Live album by The Slickee Boys
- Released: 1989
- Recorded: May 21, 1988
- Genre: Rock
- Length: 56:18
- Label: Giant
- Producer: The Slickee Boys

= Live at Last (The Slickee Boys album) =

Live at Last is a live album by The Slickee Boys. It was released in April 1989 on the New Rose label (ROSE 169) on LP and CD; in the US it came out on Giant (on LP and cassette, catalog number GRI6037). Coinciding with the release of their album Fashionably Late, in May 1988 the band embarked on a brief tour of Europe. Live at Last is a document of one night on that tour, at Ubu in Rennes, France.

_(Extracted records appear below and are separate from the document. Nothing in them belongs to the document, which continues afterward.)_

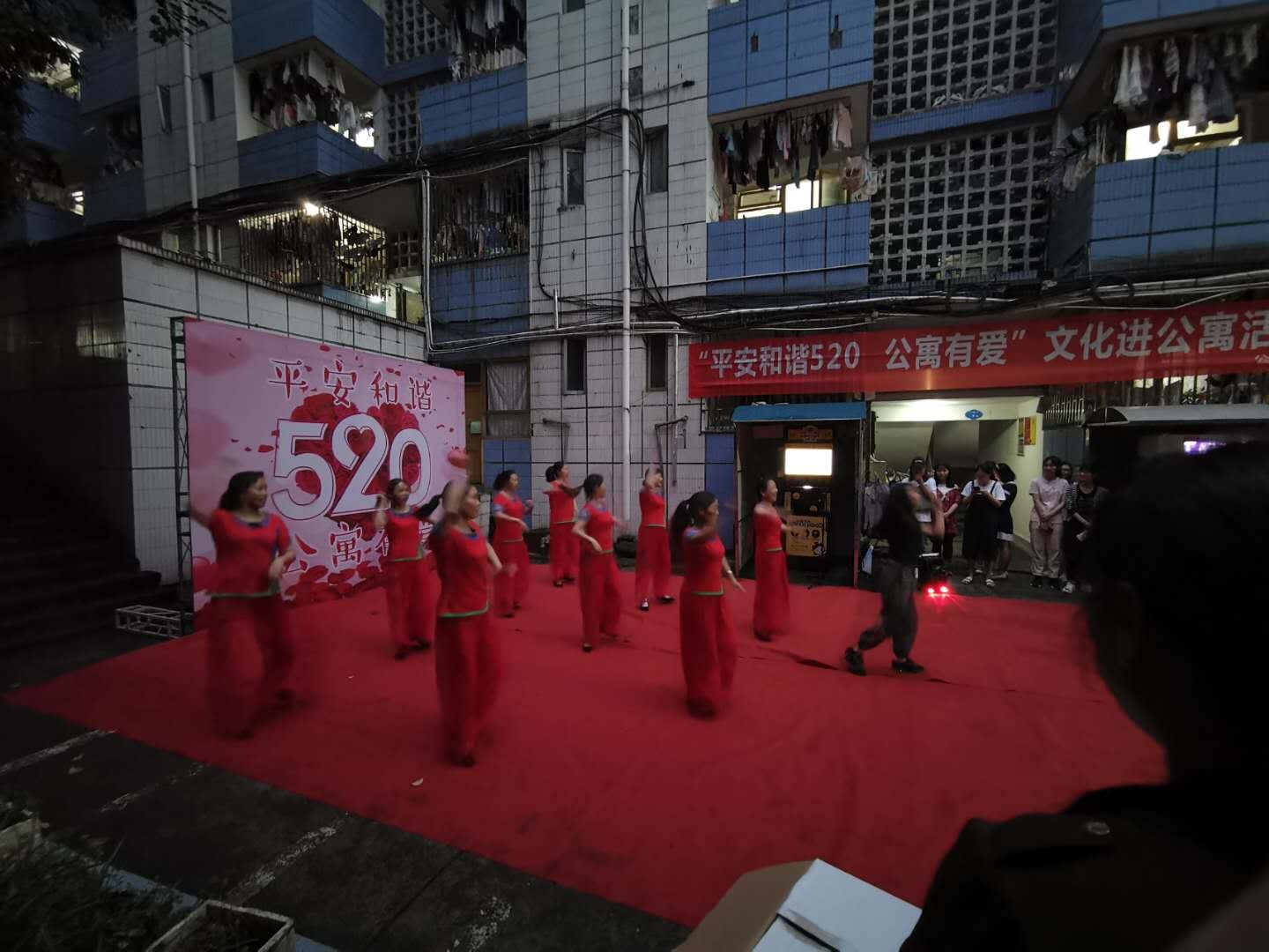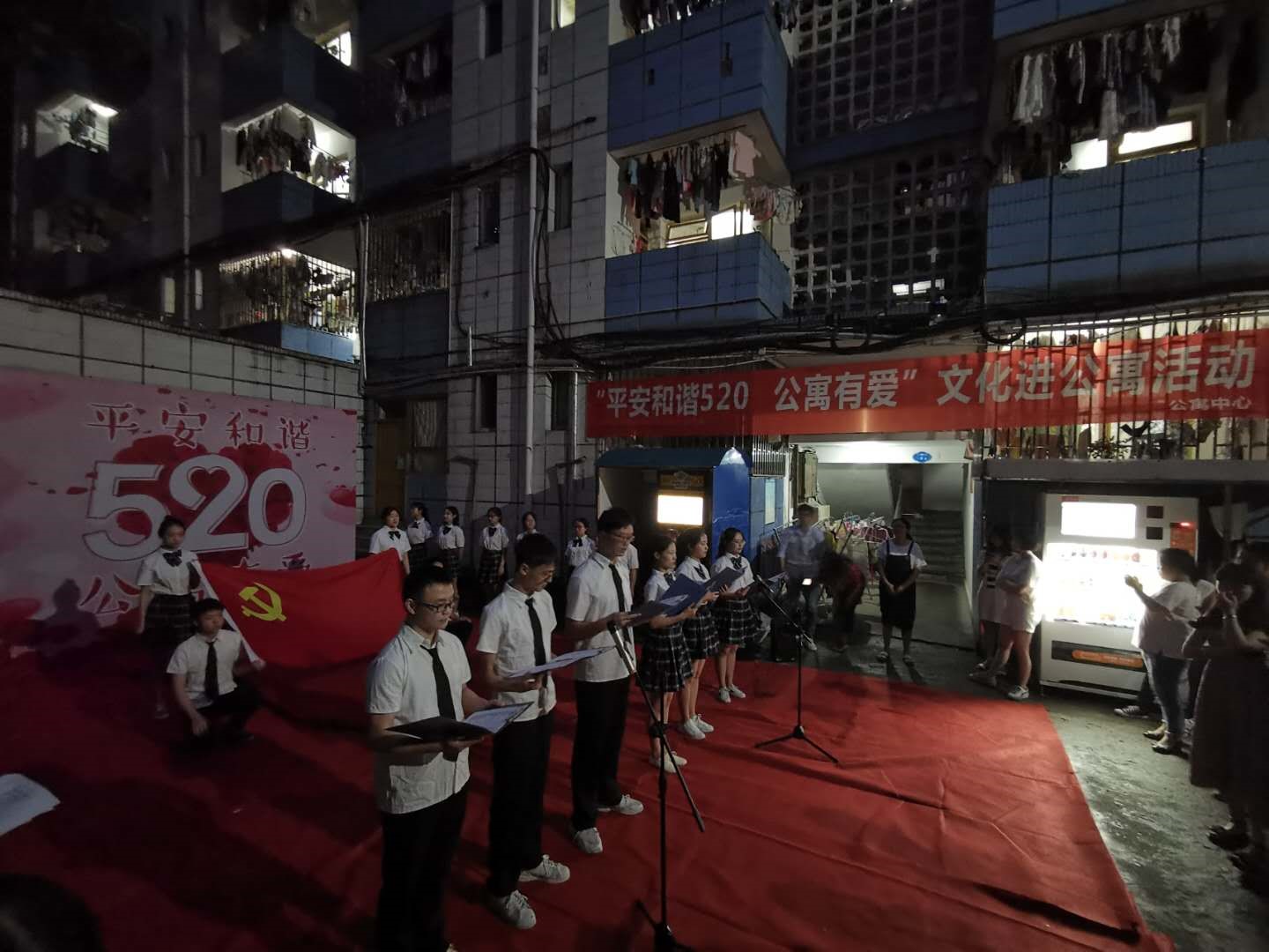 5月18日晚,后勤管理处在beat365官网忠山校区学生公寓2舍院内开展“平安和谐520 公寓有爱”文化进公寓活动。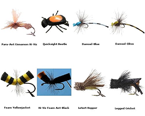 -. Feature : 8 Select Panfish Patterns / Innovative and professionally tied flies from Holly Fly Company / Hi Viz Foam Ant - Black size 16, Para Ant Cinnamon Hi Viz size 16, Quicksight Beetle size 14 / Foam Yellowjacket size 12, Letort Hopper size 14, / Damsel Blue size 10, Damsel Olive size 10, Legged Cricket size 12 and comes in a plastic fly box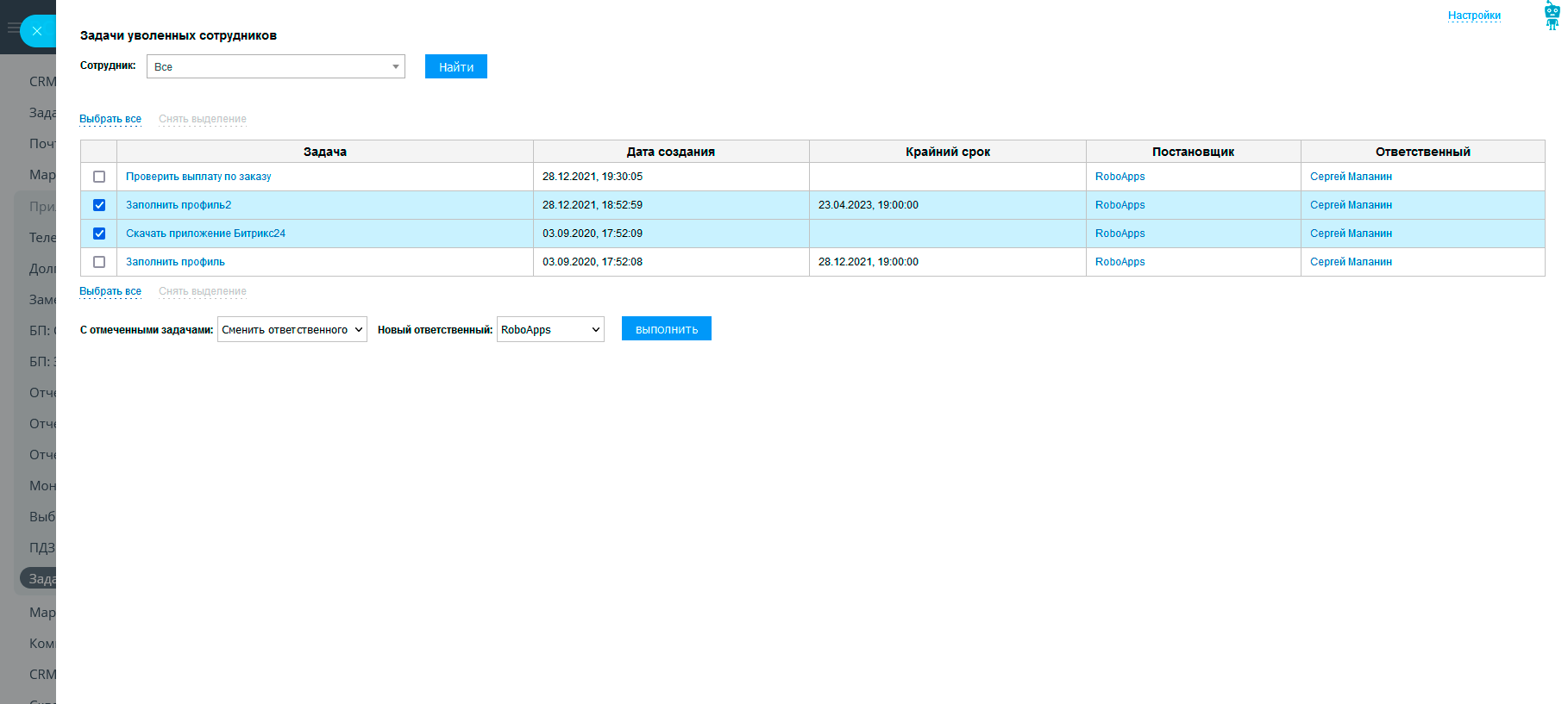 Приложение показывает задачи по уволенным сотрудникам с возможностью сменить ответственного или закрыть задачи. Есть возможность настроить автоматическую смену ответственного задачи уволенного сотрудника.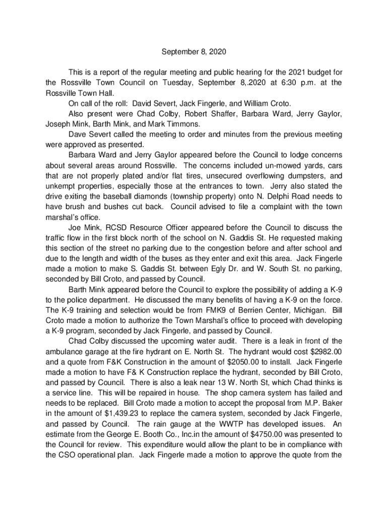 September 8, 2020, This is a report of the regular meeting and public hearing for the 2021 budget for the Roseville Town Council on Tuesday, September 8,.2020 at 6:30 p.m. at the Roseville Town Hall.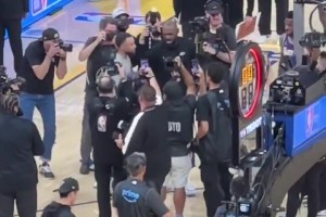 ❤️库里赛后与詹姆斯、布朗尼、雷迪克拥抱互动~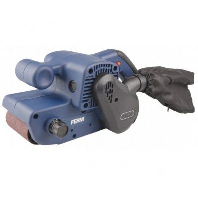 Ældre båndpudser, men stadig fuldt funktionsdygtig og god til diverse slibeopgaver og gør-det-selv-projekter. Rullen i den ene ende er 5 cm bred og i den anden ende 8 cm. Det slibepapir, der er på nu, er over 5 cm bred, så den maksimale båndbredde ligger et sted mellem 5 og 8 cm. Maskinen bruger kraftstik og kan justeres til slibepapir af forskellig længde. Der medfølger ekstra slibepapir, og det er nemt at købe mere til modellen.

The CD version of this album contain two extra tracks, "Your Autumn Eyes" and "(Are You Gonna Be There at The) Love-In". They perform songs from all but the earliest part of their (at that point) twelve-year career, including the band's last original song (which had not been released at the time of the show), "This Party Sucks". Cover versions include songs originally by the French punk band the Dogs, the Status Quo, the Afrika Korps, and The Chocolate Watch Band. Not long after their European tour, founding member Kim Kane departed to focus on his other band, Date Bait. He was replaced by long-time roadie/sound guy/guest vocalist John Hanson until the band's farewell show in December 1990.

Professional ratings
Review scores
| Source | Rating |
| Allmusic | link |
| Flex! | (Favorable) link |
| Trouser Press | (Mixed) link |

==Track listing==
1. "Gotta Tell Me Why" – 4:05 (Mark Noone)
2. "Dream Lovers" – 4:02 (John Chumbris, Noone, Dan Palenski)
3. "Missing Part" – 3:02 (Chumbris)
4. "Sleepless Nights" – 2:19 (Chumbris, Noone)
5. "Disconnected" – 3:30 (Chumbris, Noone)
6. "Dropping Off to Sleep" – 4:00 (Noone)
7. "The Brain That Refused to Die" – 4:13 (The Slickee Boys)
8. "Death Lane" – 2:10 (Dominique Laboubée)
  - Originally recorded by the Dogs, 1982
9. "Life of the Party" – 3:15 (Noone)
10. "Pictures of Matchstick Men" – 3:08 (Francis Rossi)
  - Originally recorded by the Status Quo, 1968
11. "When I Go to the Beach" – 2:30 (Noone)
12. "Jailbait Janet" – 2:15 (Kenne Highland, Noone)
  - Originally recorded by the Afrika Korps, 1977
13. "This Party Sucks" – 3:50 (Noone)
14. "Here to Stay" – 4:01 (Noone)
15. "Your Autumn Eyes" – 5:15 (Kim Kane, Marshall Keith, Noone)
16. "(Are You Gonna Be There at The) Love In" – 7:10 (Ethon McElroy, Donald Bennett)
  - Originally recorded by The Chocolate Watch Band, 1967

==Personnel==
===The Slickee Boys===
- Mark Noone – lead vocals
- Marshall Keith – lead guitar, backing vocals
- Kim Kane – rhythm guitar, backing vocals
- Mike Maxwell – bass, backing vocals
- Giles Cook – drums, backing vocals

===Production===
- Alain "Hot Bread" Painchaud – Engineer
- Chris Mix – Sound engineer
- John Hanson – Live sound engineer
- Steve Carr – Remix engineer

===Additional credits===
- Recorded live at Ubu, Rennes, France
- Remixed at Hit + Run Studios, Rockville, Maryland
- Alain Duplantier – Photos
- Phillipe Huart – Sleeve design
- Pearl Cholley – Sleeve design
- "Special thanks to Jean-Louis Broussard and everyone at the Ubu. If you tour France, make sure you play there!"

==Alternative version==
In 2006, Last Call Records (run by one of the two founders of New Rose) released a double CD of Live at Last and Fashionably Late. It had new cover art but no added material.